Пароход от Копенгагена переполнен. Меня поражают ожиревшие за годы войны датчане и шведы. В самом деле, война принесла им только прибыли. Все время они, оставаясь нейтральными, помогали обеим сторонам. Вникнем глубже в этот абсурд. Какая нелепость, двум обезумевшим в драке подают орудия уничтожения, вместо того чтобы их отнимать! Что можно сказать в защиту такого нейтралитета? Вот почему разрешение международных вопросов должно быть коллективным.
После Стокгольма осталось совсем немного пассажиров. Между ними новоназначенный в Финляндию английский посланник. Он держался обособленно. Зато представитель американской АРА, дипломатический курьер, направлявшийся в Ригу, и я откровенно разговаривали обо всем.

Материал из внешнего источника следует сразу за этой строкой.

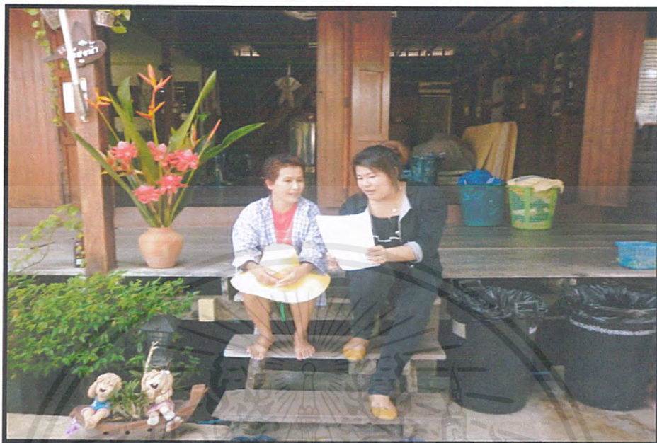
ภาพผนวกที่3 แสดงการสัมภาษณ์ชาวบ้านชุมชนโรงเจ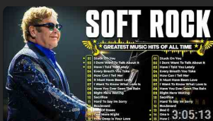
Elton John, Rod Stewart, Phil Collin... 562K visualizzazioni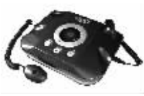
光科超聚能前列腺治疗仪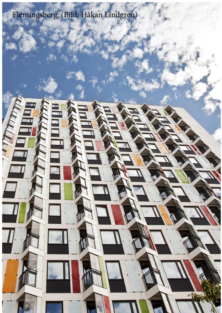
Flemingsberg, (Bild: Håkan Lindgren)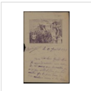
Lettre d'un soldat à sa grand-mère, 28 juillet 1918 - ADY cote 6Hdépôt 56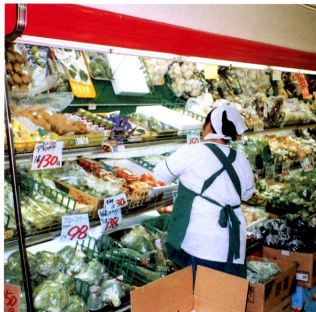
▲しなものをならべる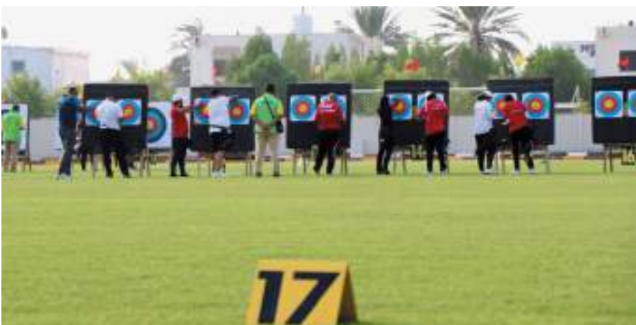
من البطولة الماضية

4 مراحل، وانطلقت المرحلة الأولى في نوفمبر الماضي، وتختتم في أبريل المقبل، وسيتم اختيار 4 لاعبين من كل فئة لخوض منافسة نهائية بعد نهاية المراحل الأربع.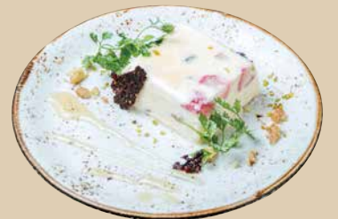
セミフレッド Semifreddo 500 [税込550]

濃厚なマスカルポーネチーズと コーヒーのエスプレッソが絶妙な イタリア定番のデザート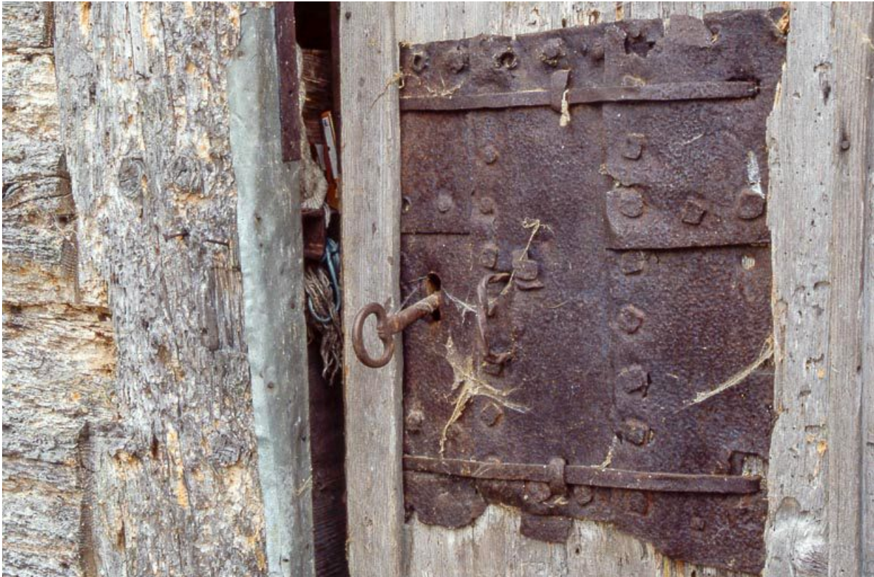
Clef et serrure de la porte du grenier fort.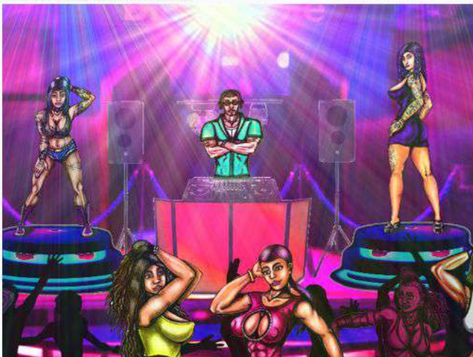
IL DJ E LE BALLERINE (CUBISTE) (EL DJ Y LAS BAILARINAS)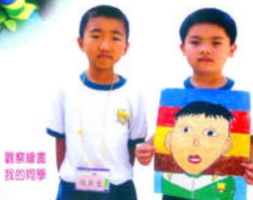
觀察繪畫我的同學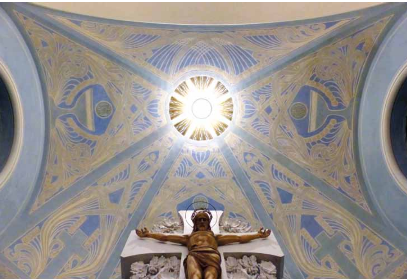
Celkový pohled na klenbu po restaurování.

Дипломатический курьер, бывший владелец мыловаренного завода в Петрограде, теперь все потерявший, почему-то оправдывал большевиков, их «социализацию имущества», с чем ни я, ни американец, конечно, не соглашались. Недели через две я его встретил в Риге, он рассказал интересную историю, как его сразу по прибытии в Гельсингфорс задержали по подозрению в сочувствии к большевикам. Он же, в свою очередь, заподозрил в доносе английского дипломата, который слышал наши разговоры и потому обратил внимание финляндских властей на этого дипломатического курьера.

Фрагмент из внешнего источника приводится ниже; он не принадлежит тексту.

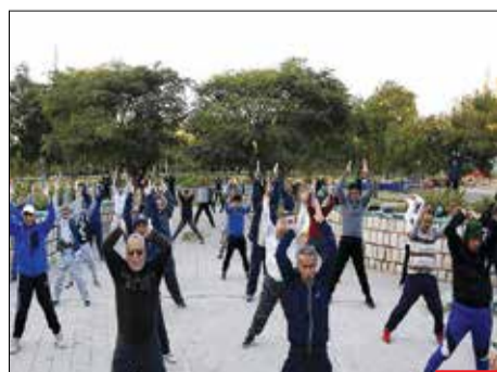
حال و روز یمن/ همه ما از بمب و آوار و جنگ در یمن خیر می‌شنویم، اما این مردم میبورد در کنار همه سختی‌های زندگی سعی می‌کنند روزگار خود را عادی بسپری کنند. تصویری از یک ورزش مباحگاهی در پارکی در صنعاء را می‌بینید.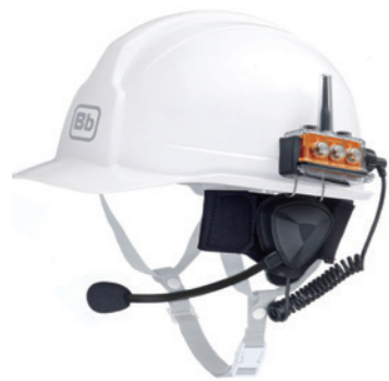
Aセット 標準品(ヘッドセットで使用)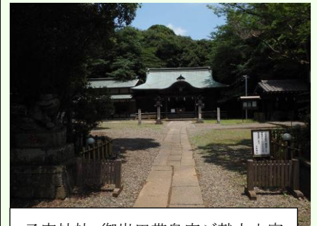
子安神社。御岩田帯皇室ご献上之宮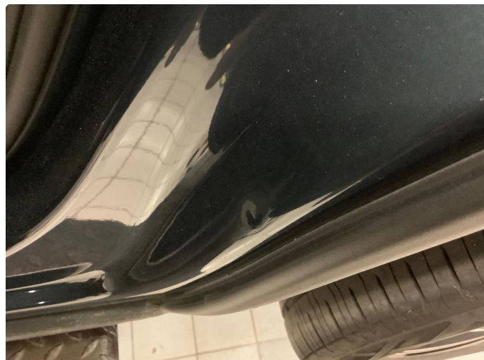
1.2 Liten bulk

Почему-то едем очень медленно. Приближаемся к берегам. Ботнический залив как зеркало. Удивительны шхеры, какие причудливые формы! Не полюбоваться этой картиной, этими красками, перспективами, божественной мудростью природы. Рукой Создателя написаны самые интересные, захватывающие романы. Эти волшебные произведения рассыпаны по всему миру и Вселенной, их можно найти и в Ботническом заливе, и у нас, и везде, нужно только уметь читать, черпать эту высочайшую мудрость, проникаться этой красотой, родниться с блаженной и бесконечной вечностью.
В гельсингфорсском отеле встречаю двух американских военных представителей, только что прибывших из Латвии, где все время наблюдали за прекратившимися теперь военными действиями и борьбой латышей с немцами. Они с восторгом описывают военный и организационный талант главнокомандующего латвийской армией полковника Балодиса, беспримерную выдержку генерала Радзина и полковника Беркиса, которые непрерывно, днями и ночами, без сна, успешно руководили военными операциями.

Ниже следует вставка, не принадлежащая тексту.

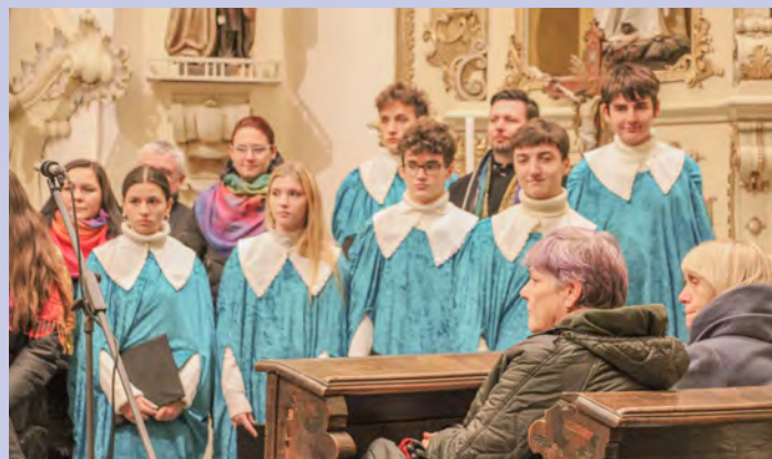
Česká mše vánoční Jana Jakuba Ryby rozezněla kostel sv. Víta.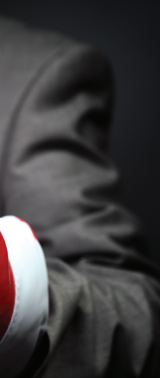
POR ALLEN DORIN, JR., MAI, SRA, R/W-NAC

S e podría pensar que dos tasadores profesionales que reciben los mismos parámetros para tasar un bien llegarían a valores similares o, al menos, estarían de acuerdo con valores sobre los cuales se podría basar un acuerdo transaccional. Sin embargo, en la mayoría de los casos, esto no ocurre.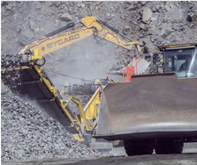
Oddvar Øygard sin pukkverksvirksomhet i Hallingdal ble en del av beredskapen da viktig infrastruktur måt bygges opp igjen etter ekstremværet «Hans».

Они рассказали и о железном характере и выдержке президента Ульманиса. Впервые я почувствовал особенную гордость за мой народ. У этих американцев не было оснований для неискренности. Их объективный рассказ осветил и подчеркнул особое значение борьбы латышей. Именно здесь разрешался вопрос, быть или не быть Латвии, истории и существования Европы. Если бы немцы тогда укрепились в Прибалтике, они начали бы поход на Россию, а она, ослабленная, могла легко превратиться в немецкую колонию. Об этом мечтали многие. Этот вклад латышей в девятнадцатом году в дело всеобщего мира Европа не должна забывать.
Шпионка Л. разрушенное училище в Пебалге. Командир уланского полка Орлов
Через пять лет я вновь в Риге. Какая разница! Теперешнюю столицу новой республики Латвии нельзя сравнить с Ригой в самом начале войны. Тогда это был театр военных действий, шла мировая война, латыши бежали от своих вековых врагов немцев, Рига представляла картину страданий и народного горя. Теперь, после победы над Вермонтом Рига и вся наша земля наполнились и задышали радостью, священным блаженством, надеждами. Сердце гордилось. Кто боролся с Вермонтом и большевиками, тот герой, кто пал в этой борьбе, тот свят. Народ вечно будет поминать их, молиться над их могилами, черпая силу, как у неиссякаемого жизненного источника. Что же это за сила победила немцев, так самоуверенно и неожиданно предпринявших новый поход на восток? Это сила духа латышского народа, осознание своих прав, победа справедливости. Так впоследствии ответил главнокомандующий латвийской молодой армией генерал Балодис, и был, безусловно, прав. Пусть же ни один из начинающих войну помнит эти слова, не пренебрегает этими великими истинами!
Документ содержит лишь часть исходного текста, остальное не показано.